- _Assignment_
Retype each line below precisely and omit all images.

- _Collected material_
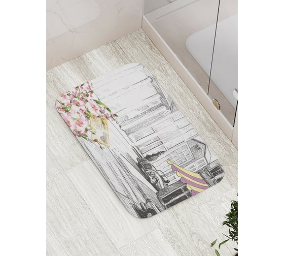 Коврик противоскользящий JoyArty "Нарисованный город и цветы" для ванной, сауны, бассейна, bath_5005
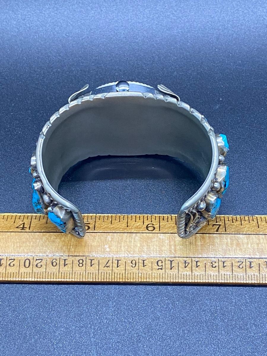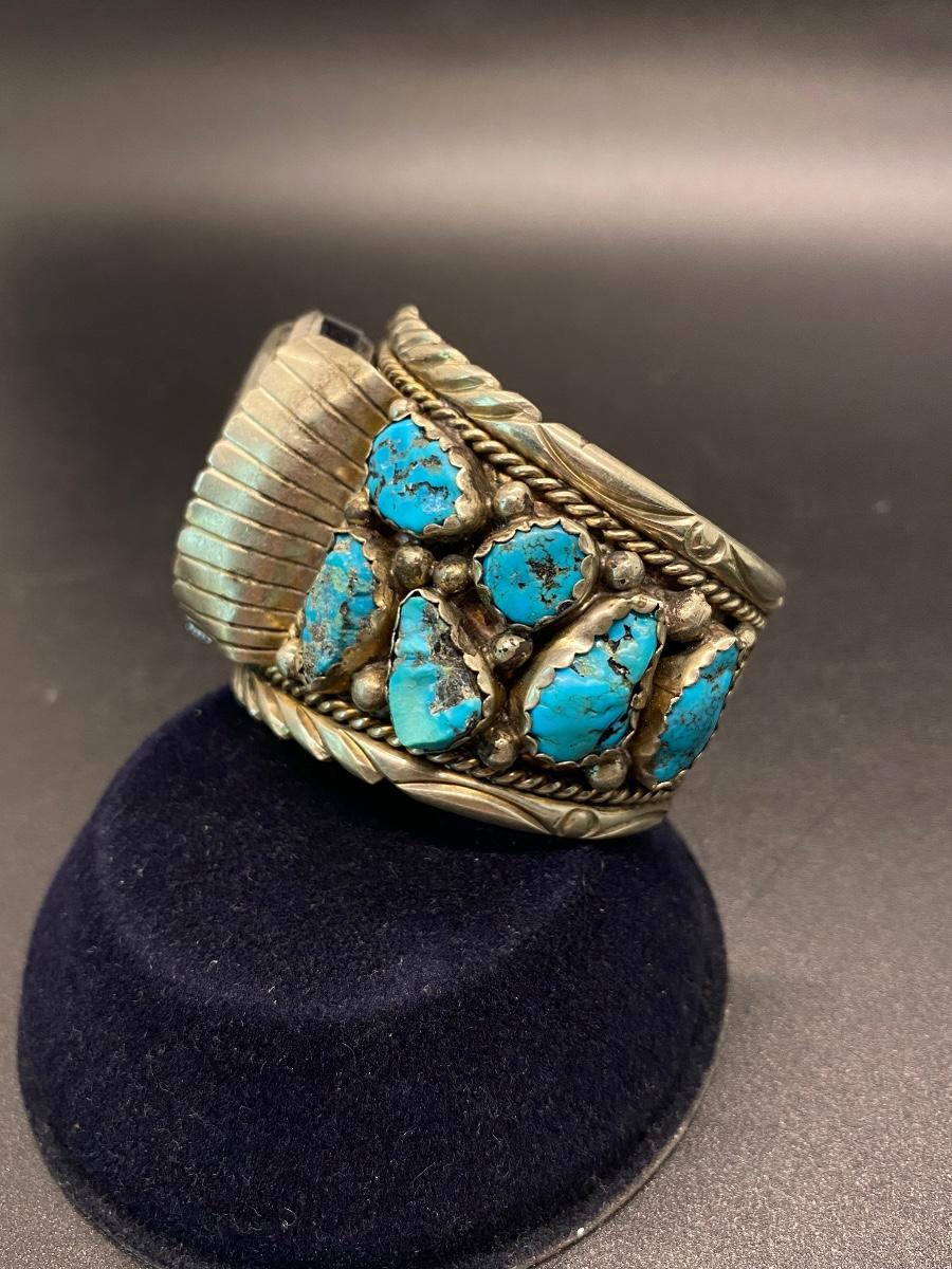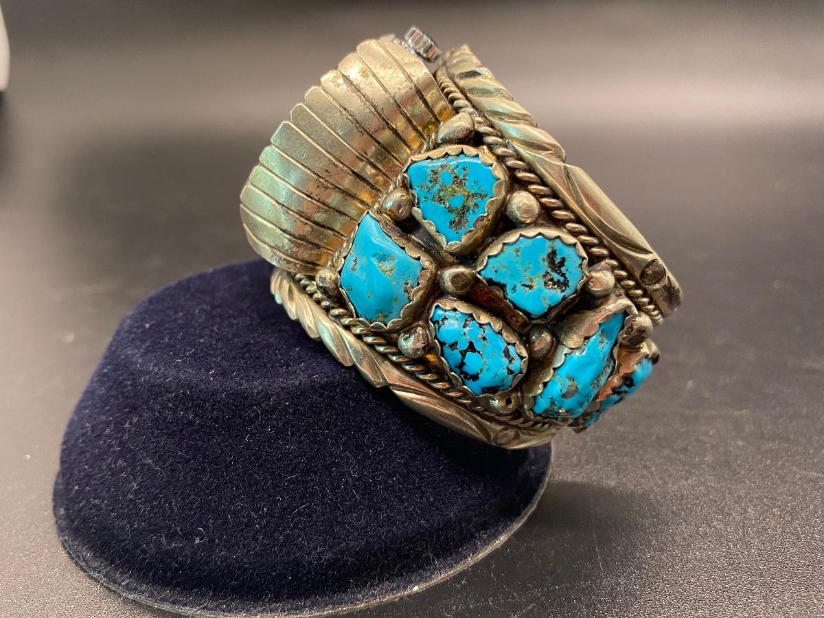 Men's vintage southwestern old pawn turquoise cuff watch. Large rough polish turquoise on the sides, stamped metalwork. Has a Kronotron wind up watch face in it that works. Looks like sterling but could not find any definite marks. Heavy. about 1.5" wide at the widest part.
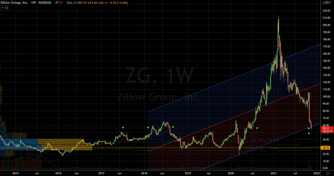 Investoři by také měli být opatrní, protože ocenění nemovitostí je na historických maximech a akcie $ZG se potýkají s problémy. Pokud sektor oslabí, pak budou mít akcie Zillow nové důvody k poklesu.
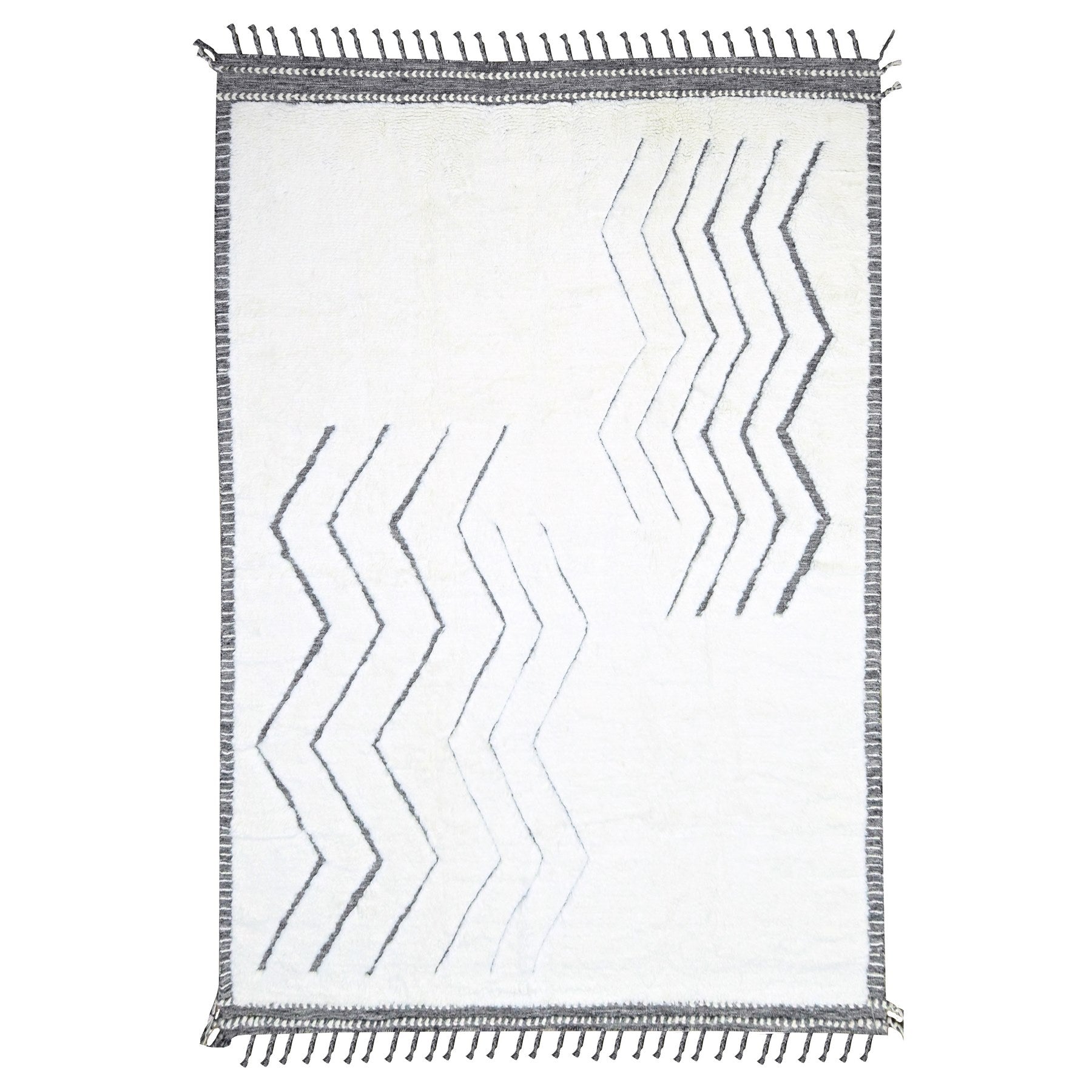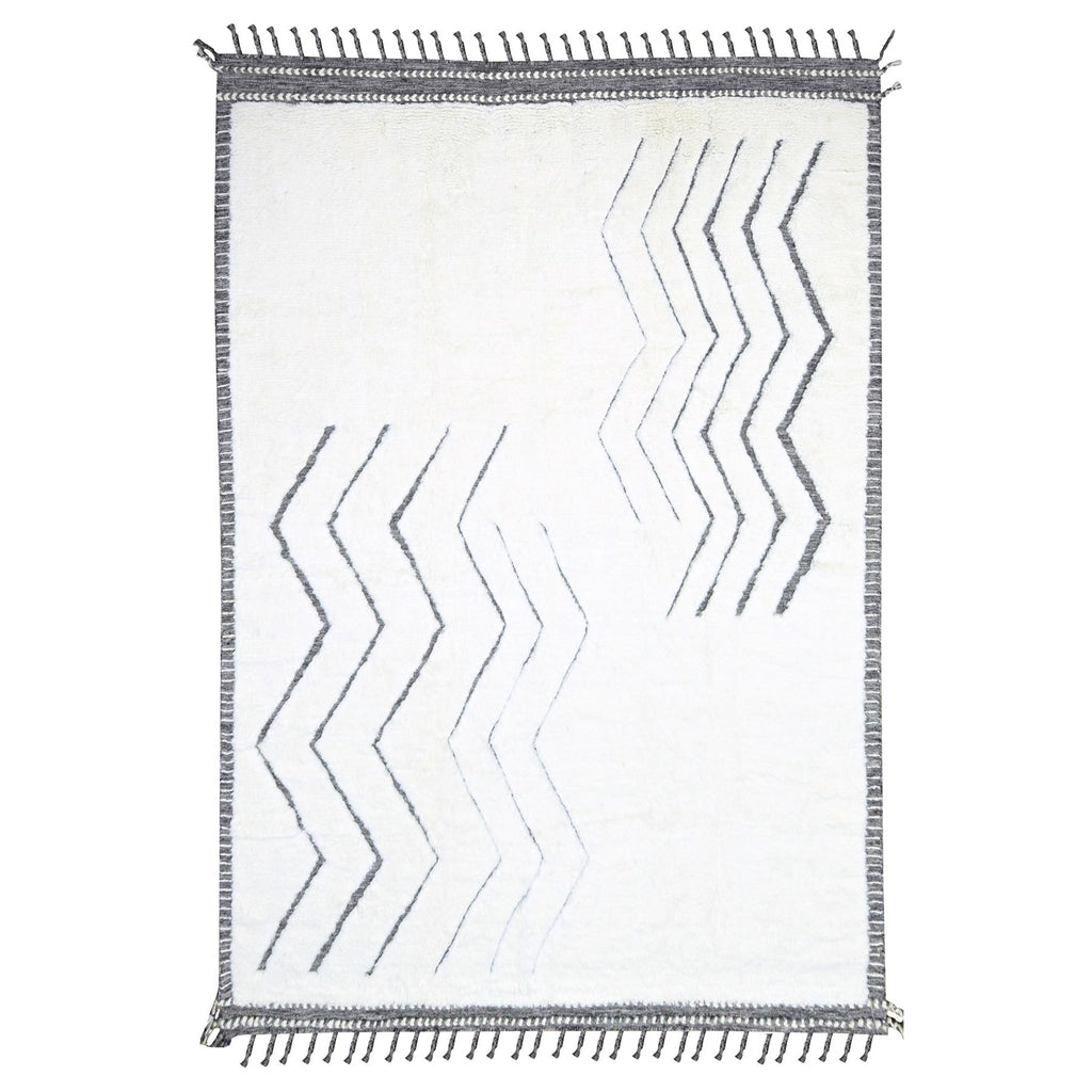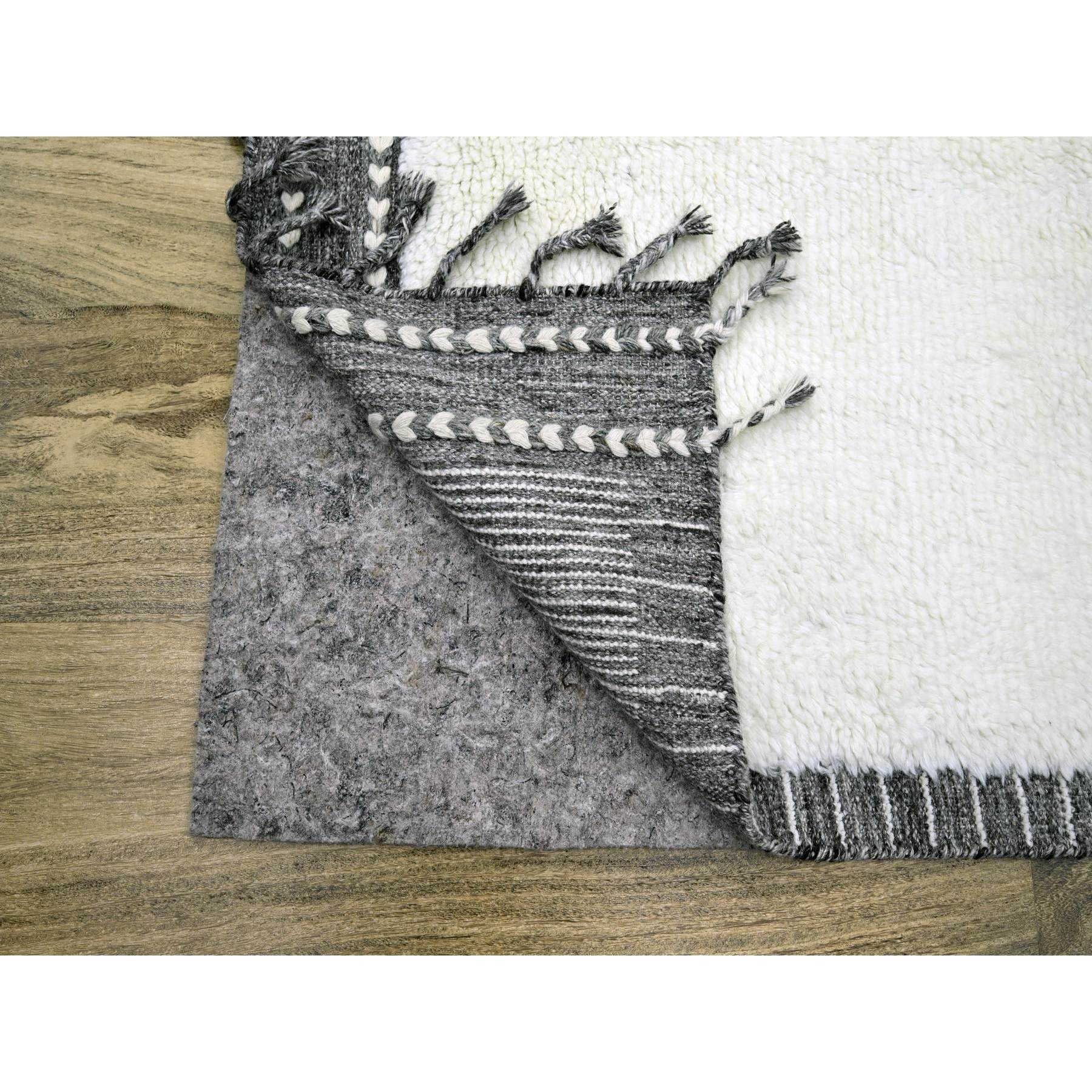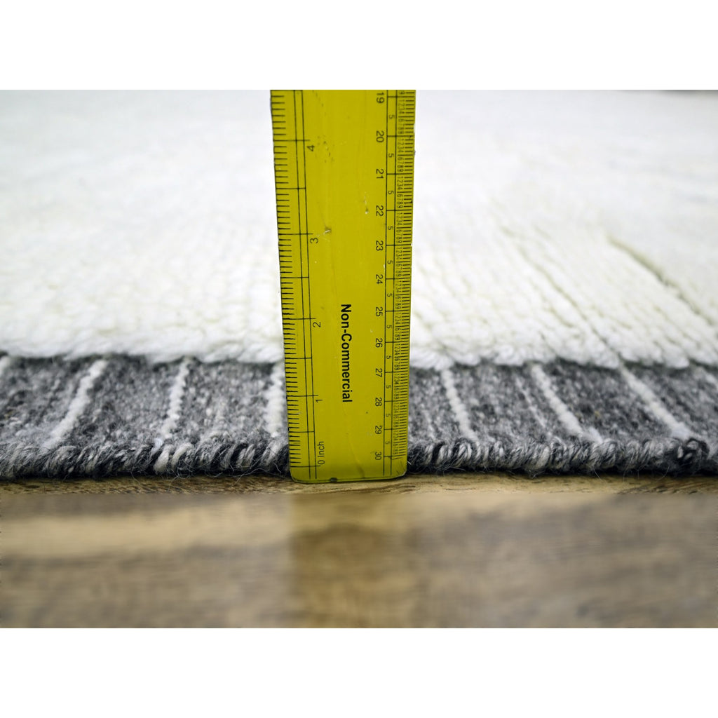 9'2"x12'1" Daisy White, Moroccan Weave With Geometric Line Design, Modern, Textured Pile, Natural Undyed Wool, Shabby Chic, Hand Knotted, Oriental Rug FWR457332

- _Answer to this problem_
 Коврик противоскользящий JoyArty "Нарисованный город и цветы" для ванной, сауны, бассейна, bath_5005
 Men's vintage southwestern old pawn turquoise cuff watch. Large rough polish turquoise on the sides, stamped metalwork. Has a Kronotron wind up watch face in it that works. Looks like sterling but could not find any definite marks. Heavy. about 1.5" wide at the widest part.
 Investoři by také měli být opatrní, protože ocenění nemovitostí je na historických maximech a akcie $ZG se potýkají s problémy. Pokud sektor oslabí, pak budou mít akcie Zillow nové důvody k poklesu.
 9'2"x12'1" Daisy White, Moroccan Weave With Geometric Line Design, Modern, Textured Pile, Natural Undyed Wool, Shabby Chic, Hand Knotted, Oriental Rug FWR457332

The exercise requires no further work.